Problem #9 (LOW): Non-Invoice Documents in Dataset

Symptom

  • dccf6655: 0 detections, 0 fields - this is a screenshot of UI buttons, NOT an invoice

Fix

Add document classification as a pre-processing step to reject non-invoice documents before running the expensive YOLO + OCR pipeline.

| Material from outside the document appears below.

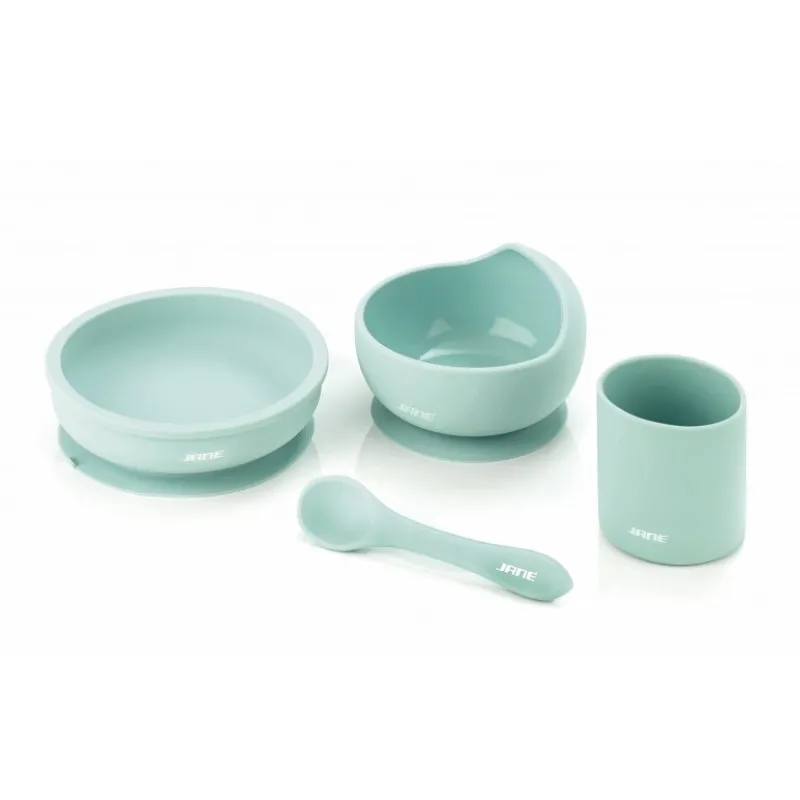 Setul de masă din silicon Jane pentru copii este confecționat din silicon și include un bol, o farfurie plată, o lingură și un pahar. Este practic și compatibil cu sterilizatoarele. Farfuria și bolul au ventuze la baza lor pentru o mai mare siguranță și comoditate. Bolul are un margini înalte pentru a ușura administrarea alimentelor lichide și semisolide.
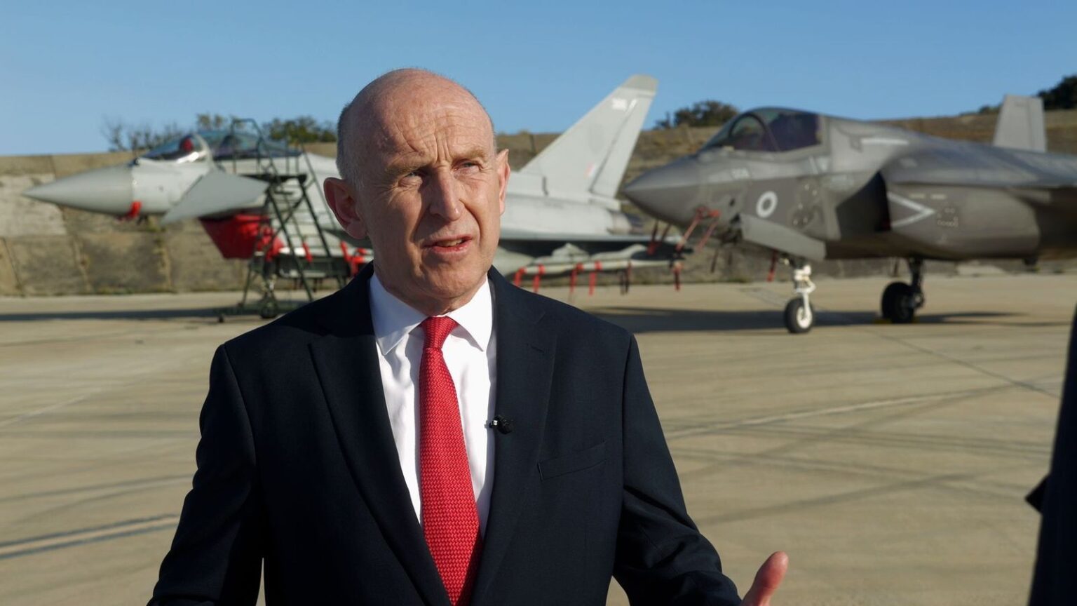 Defence Secretary John Healey interviewed at RAF Akrotiri in Cyprus.

Problem #10 (LOW): InvoiceDueDate Before InvoiceDate

Symptom

  • Document 11de4d07: InvoiceDate=2026-01-16, InvoiceDueDate=2025-12-01
  • Due date is BEFORE invoice date, which is illogical

Root Cause

Either the date normalizer swapped the values, or the YOLO model detected the wrong region for one of the dates. The DPI bug (Problem #1) may also affect date extraction from the correct regions.

Fix

Add post-extraction validation: if InvoiceDueDate < InvoiceDate, either swap them or flag for review.


Priority Fix Order

Priority Fix Impact Effort
1 DPI mismatch (Problem #1) 43% of docs recovered 1 line change
2 Fallback amount regex (Problem #2) 3+ docs with wrong amounts Small regex fix
3 Fallback bankgiro regex (Problem #3) False positive bankgiro Small regex fix
4 OCR min digits (Problem #4) Short OCR numbers supported 1 line change
5 Year as InvoiceNumber (Problem #5) 2+ docs Small logic add
6 Date validation (Problem #10) Logical consistency Small validation add
7 Cross-validation (Problem #6) Better field reconciliation Investigation needed
8 Timeouts (Problem #8) 4 docs Config change
9 Document classification (Problem #9) Filter non-invoices Feature addition

Re-run Expected After Fix #1

After fixing the DPI mismatch alone, re-running the same 39 PDFs should show:

  • Pure fallback rate dropping from 43% to near 0%
  • InvoiceDate extraction rate improving from 31% to ~70%+
  • OCR extraction rate improving from 31% to ~60%+
  • Average confidence scores increasing significantly
  • supplier_organisation_number extraction improving from 23% to ~60%+

Detailed Per-PDF Results Summary

PDF Size Time Fields Confidence Issues
dccf6655 10KB 17s 0/0 - Not an invoice
4f822b0d 183KB 37s 1/6 ALL 0.500 DPI bug: 6 detections, 5 lost
d4af7848 55KB 41s 1/6 ALL 0.500 DPI bug: 6 detections, 5 lost
19533483 262KB 39s 1/9 ALL 0.500 DPI bug: 9 detections, 8 lost
2b7e4103 25KB 47s 3/6 ALL 0.500 DPI bug + Amount=1.00 wrong
7717d293 34KB 16s 3/6 ALL 0.500 DPI bug + Amount=1.00 wrong
3226ac59 66KB 42s 3/5 ALL 0.500 DPI bug + Amount=1.00 wrong
0553e5c2 31KB 18s 3/6 ALL 0.500 DPI bug + BG=5000-0000 suspicious
32e90db8 136KB 40s 3/7 Mixed Amount=2026.00 (year?)
dc35ee8e 567KB 83s 7/9 YOLO InvoiceNumber=2025 (year)
56cabf73 67KB 19s 5/6 YOLO InvoiceNumber=2026 (year)
87f470da 784KB 42s 9/14 YOLO InvNum vs OCR mismatch
11de4d07 356KB 68s 5/3 Mixed DueDate < InvoiceDate
0f9047a9 415KB 22s 8/6 YOLO Good extraction
9d0b793c 286KB 18s 8/8 YOLO Good extraction
5604d375 915KB 51s 9/10 YOLO Good extraction
87f470da 784KB 42s 9/14 YOLO Good extraction
f40fd418 523KB 90s 9/9 YOLO Good extraction

Field Extraction Rate Summary

Field Present Missing Rate Avg Conf
Bankgiro 32 3 91.4% 0.681
InvoiceNumber 28 7 80.0% 0.695
Amount 27 8 77.1% 0.726
InvoiceDueDate 13 22 37.1% 0.883
InvoiceDate 11 24 31.4% 0.879
OCR 11 24 31.4% 0.900
customer_number 11 24 31.4% 0.926
payment_line 9 26 25.7% 0.938
Plusgiro 3 32 8.6% 0.948
supplier_org_number 0 35 0.0% 0.000

Note: Fields with high confidence but low extraction rate (InvoiceDate 0.879, OCR 0.900, payment_line 0.938) indicate the DPI bug: when extraction works (via YOLO), confidence is high. The low rate is because most documents fall back and these fields have no fallback regex pattern.